TASK GOAL:
After finding "Outros elementos materiais" in the data, write out its line and all following lines without change, up to and including the last one. Leave out pictures.

(Collected data entries)
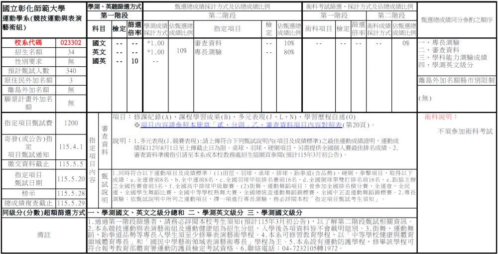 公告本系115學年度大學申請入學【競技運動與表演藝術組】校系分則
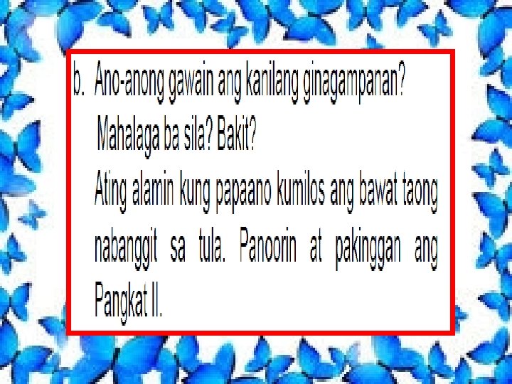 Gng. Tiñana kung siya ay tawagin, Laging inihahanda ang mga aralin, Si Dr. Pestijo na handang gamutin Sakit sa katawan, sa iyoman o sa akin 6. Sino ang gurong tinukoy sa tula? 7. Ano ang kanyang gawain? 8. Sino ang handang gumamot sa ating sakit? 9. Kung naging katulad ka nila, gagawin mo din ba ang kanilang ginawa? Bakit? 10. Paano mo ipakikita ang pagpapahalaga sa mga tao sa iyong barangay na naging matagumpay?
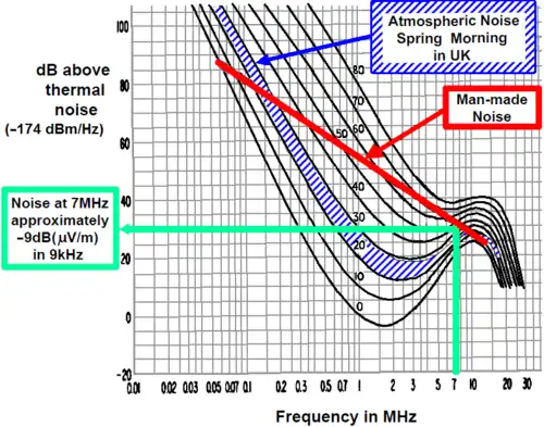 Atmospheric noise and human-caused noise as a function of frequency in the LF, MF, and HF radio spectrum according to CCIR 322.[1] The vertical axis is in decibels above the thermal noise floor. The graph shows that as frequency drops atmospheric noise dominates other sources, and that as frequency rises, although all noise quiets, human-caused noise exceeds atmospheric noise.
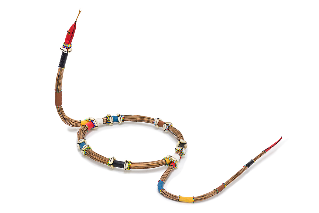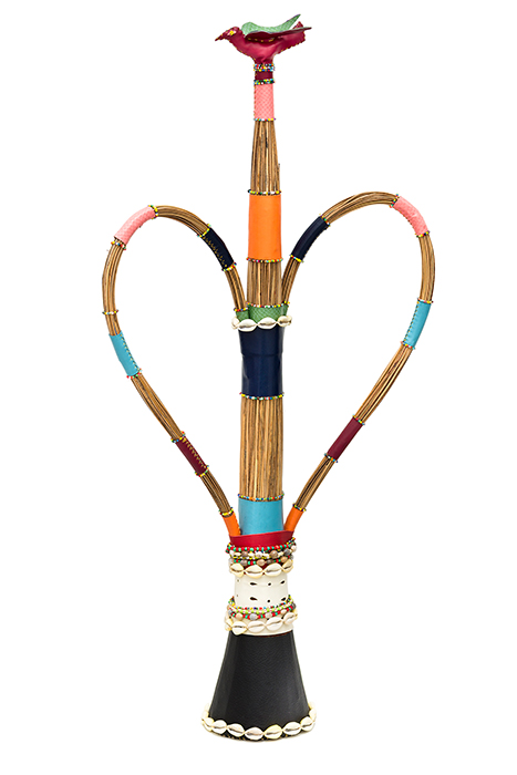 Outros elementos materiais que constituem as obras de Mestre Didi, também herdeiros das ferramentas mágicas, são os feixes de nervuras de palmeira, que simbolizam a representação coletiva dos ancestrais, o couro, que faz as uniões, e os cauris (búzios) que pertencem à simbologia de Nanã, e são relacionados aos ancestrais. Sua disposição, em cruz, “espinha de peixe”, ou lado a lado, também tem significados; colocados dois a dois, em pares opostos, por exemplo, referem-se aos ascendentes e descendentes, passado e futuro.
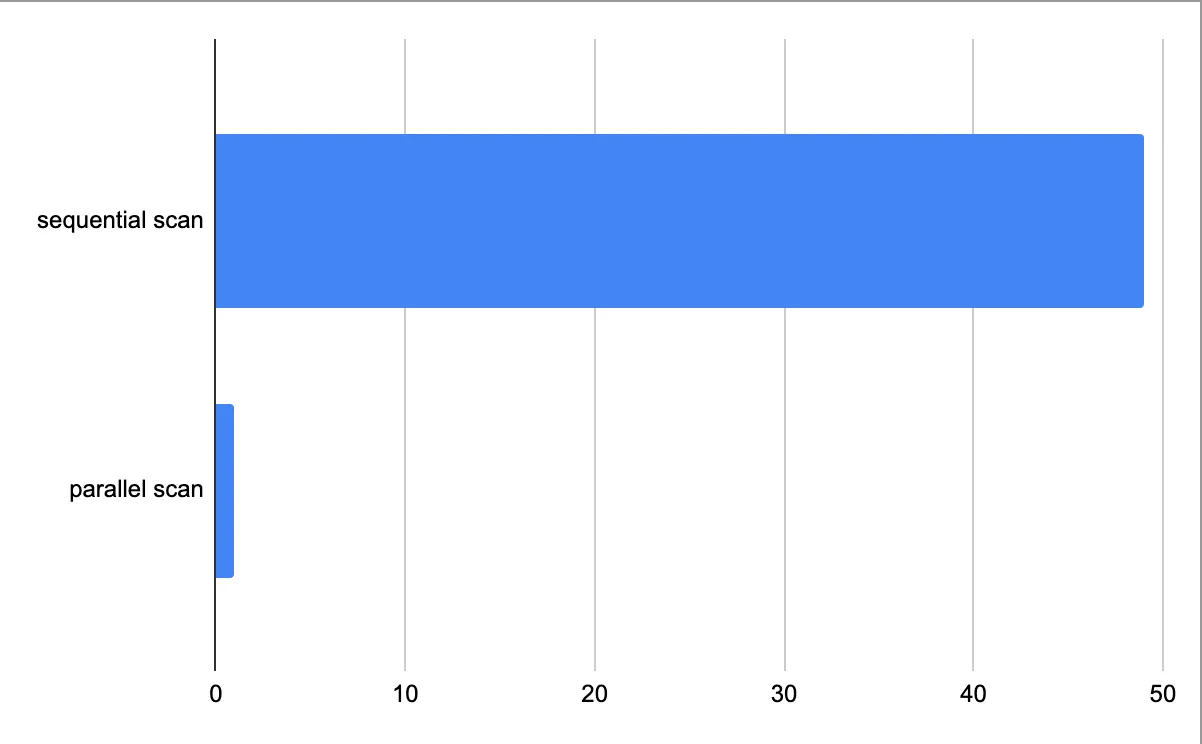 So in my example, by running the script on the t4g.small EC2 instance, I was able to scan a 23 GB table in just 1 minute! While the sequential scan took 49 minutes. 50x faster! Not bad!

ANSWER BOX:
 Outros elementos materiais que constituem as obras de Mestre Didi, também herdeiros das ferramentas mágicas, são os feixes de nervuras de palmeira, que simbolizam a representação coletiva dos ancestrais, o couro, que faz as uniões, e os cauris (búzios) que pertencem à simbologia de Nanã, e são relacionados aos ancestrais. Sua disposição, em cruz, “espinha de peixe”, ou lado a lado, também tem significados; colocados dois a dois, em pares opostos, por exemplo, referem-se aos ascendentes e descendentes, passado e futuro.
 So in my example, by running the script on the t4g.small EC2 instance, I was able to scan a 23 GB table in just 1 minute! While the sequential scan took 49 minutes. 50x faster! Not bad!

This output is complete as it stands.